Eleanor was involved with plans to marry King Ferdinand I of Portugal in 1371, however he refused the match as he had secretly married the noblewoman Leonor Telles de Menezes.

She was betrothed in Burgos in 1373 to Prince Charles, the heir of King Charles II of Navarre. The couple was married at Soria in May 1375. A testament dated at Burgos on 29 May 1374 shows that King Henry II bequeathed property to his daughter Eleanor as a part of her dowry.

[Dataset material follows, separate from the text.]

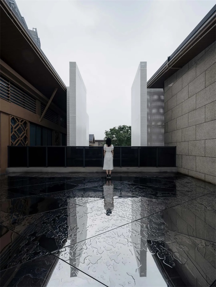 书院选址在永宁江边上一组4栋建筑中的1,3号楼。1号楼也是由两栋建筑在首层相连成一体的。公共空间场地设有地下室天井和疏散楼梯间。是一个焦点分散而没有重点的场所。传统有规模和形制的书院都是一组有序的建筑群形成的。我如果把分散的1,3号楼以及内部空间看成传统建筑群里的亭台楼阁和庭堂轩榭的类型,那么显而易见这样的建筑群缺一个作为重点的院子。既然我需要一个空间来控制这些分散的个体,那么创造一个庭院类型毫无疑问是我的自然而然对的选择。

===The Years in Castile===
The marriage of Charles and Eleanor was marked by a number of unusual marital disputes. In 1388, Eleanor asked at a meeting between her husband and her brother John I of Castile for permission to retire for some time to her homeland of Castile in order to recover from an illness caught in Navarre. She believed this course of action would be best for her health. The two young daughters in her care at the time went with her. During their absence from Navarre, Eleanor and her children resided in Valladolid. By 1390, Eleanor bore two more daughters to Charles, and two years later, her husband requested her to return to Navarre because both of them needed to be crowned King and Queen of Navarre upon the death of her father-in-law King Charles II. Eleanor's brother King John supported the request of Charles III. Eleanor did not consent, claiming that she was ill-treated in Navarre and believed members of the Navarrese nobility wished to poison her. As a result, Eleanor remained in Castile while her husband was crowned in February 1390 in Pamplona. By the end of the 1390s, Eleanor had born her husband six daughters, all of whom survived infancy, but no sons. For this reason, Eleanor handed her oldest daughter Joanna over to Charles III to be groomed for her future role as ruler of the Kingdom of Navarre.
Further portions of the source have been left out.